Surgical treatment of acute pulmonary embolism: a modified surgical technique to avoid deep hypothermia and circulatory arrest
Author(s) -
Emanuele Pilato,
Giuseppe Comentale
Publication year - 2020
Publication title -
current challenges in thoracic surgery
Language(s) - English
Resource type - Journals
ISSN - 2664-3278
DOI - 10.21037/ccts-20-84
Subject(s) - hypothermia , medicine , circulatory system , pulmonary embolism , anesthesia , deep hypothermic circulatory arrest , surgery , cardiology , cerebral perfusion pressure , cerebral blood flow
Massive acute pulmonary embolism (MAPE) is a rare and life-threatening condition that the cardiothoracic surgeon could face during its clinical practice.

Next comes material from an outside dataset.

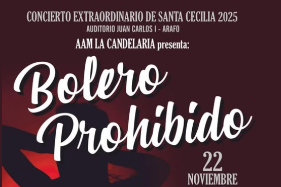 Arafo, a 11 de noviembre de 2025.- La magia del bolero está de vuelta. La Agrupación Artístico Musical La Candelaria prepara un evento que promete hacer latir más fuerte los corazones de los amantes de la buena música. Bajo el título «Bolero Prohibido», el Auditorio Juan Carlos I de Arafo se vestirá de gala el sábado 22 de noviembre de 2025 para acoger un espectáculo único que combinará pasión, emoción y el talento de artistas de primer nivel.

Since the great improvement in pharmacological and interventional treatment, MAPE is usually non-surgically treated. A surgical approach, even if it has proved to be a good and highly performing alternative to the thrombolysis, is considered only after a failure of the medical therapy or in presence of massive occlusion of the main branches of the pulmonary arteries. In order to achieve a good and blood-less view of the operative field, some cardiothoracic surgeons usually prefer to treat this condition adopting the same technique used for the chronic pulmonary embolism recurring to deep hypothermia and circulatory arrest. This approach usually leads to neurologic or splanchnic hypoperfusion problems therefore we will describe a modified surgical technique that don’t require deep hypothermia or circulatory arrest and thank to which it is not only possible to reduce surgical lengths but also to speed up postoperative recovery in the intensive care unit (ICU). Shorter cardiopulmonary bypass times, indeed, means lower haemodilution and decreased inflammatory response therefore it leads to a decreased risk of cerebral, lung and renal edema and a faster ICU discharge.